Our results hint towards the strong role of environmental filtering in structuring cross-habitat bacterial but not fungal communities. The overall diversity and abundance patterns of bacterial and fungal taxa and associated functional genes reflect their mostly contrasting C acquisition strategies, dispersal strategies, morphologies, alongside their subsequent coevolution via complex biotic interactions with each other and macro-organisms under highly variable abiotic conditions. We suggest that future studies simultaneously investigate both bacterial and fungal communities, as well as their functional properties, as their interactions and domain-specific properties may be a strong factor determining the response of ecosystems to environmental change.
Raw read processing
In total, 31 287 samples classified as metagenomic from 405 projects were downloaded from the European Bioinformatics Institute (EMBL-EBI) as of 2018/06/19, using customized scripts available at the fetch-data/ directory of the Supplemental Software package of Coelho et al. (in revision). To confirm the annotation of samples as either metagenomics, the abundance of NOGs reads was considered, i.e. samples with very low NOG abundance relative to the total read were considered as metabarcoding regardless of the information provided by submitters. The basic filtering, functional and phylogenetic profiling are an adapted protocol of the methods used in (Bahram et al., 2018). In brief, metagenomic and amplicon sequencing reads obtained from public sources were quality-filtered, if the observed accumulated error exceeded 2.5 with a probability of ≥ 0.01, or > 1 ambiguous position or a homonucleotide run > 15 bp was present. Reads were trimmed if base quality dropped below 20 in a window of 15 bases at the 3′ end, or if the accumulated error exceeded 1 using the sdm read filtering software (Hildebrand et al., 2014). Furthermore, all reads shorter than 70% of the maximum expected read length (per sample) were removed. In total, 697 billion total reads were analysed of which 286 + 253 billion (read pair one and two respectively) passed quality filtering (Table S1). After quality filtering and exclusion of samples from underrepresented habitats and with short reads, we analysed 13 483 samples belonging to 25 habitats. The habitats human gut (n = 7732) and human oral (n = 1586) were the most often represented in our dataset, whereas hot springs were poorly represented (n = 4). Most samples originated from North America (24.0%) and Asia (37.0%). Several geographic regions were not represented in our datasets, including Pacific Ocean, North Sea, Arctic, Atlantic Ocean (Table S1).
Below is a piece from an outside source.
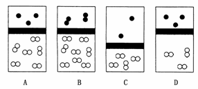 表氢原子,黑球代表氦原子,方框代表容器,容器中间有一个可以上下滑动的隔板(其质量忽略不计)。其中能表示等质量的氢气与氦

We used a miTag approach implemented in MATAFILER (Hildebrand et al., 2019) to determine bacterial and fungal community composition from metagenome sequence data at the higher taxonomic level, detailed in (Bahram et al., 2018). Briefly, SortMeRNA (Kopylova et al., 2012) was used to extract potential rRNA genes against the SILVA database version 128 (Quast et al., 2012). For this, we used SSU rRNA gene for taxonomic identification, which is a universal marker for both prokaryotes and eukaryotes. Reads approximately matching these databases with e-values < 10−4 were further filtered with custom Perl and C++ scripts, using FLASH to attempt merging all matched read pairs. In case read pairs could not be merged, single reads were interleaved such that the second read pair was reverse complemented and then sequentially added to the first read. Lambda (Hauswedell et al., 2014) was used to fine-match candidate interleaved or merged reads to Silva 128 database. The lowest common ancestor (LCA) algorithm adapted from LotuS (Hildebrand et al., 2014) was used to determine the identity of filtered reads based on Lambda matches. This included a filtering step, where queries were only assigned to phyla and classes if they had at least 88% and 91% similarity to the best database hit respectively, thresholds adopted from literature (Yarza et al., 2014). We normalized each taxon by dividing by the total number of reads per sample to account for uneven sequencing depth across samples. Functional annotation of fungal taxa was done using FunGuild database (Nguyen et al., 2016).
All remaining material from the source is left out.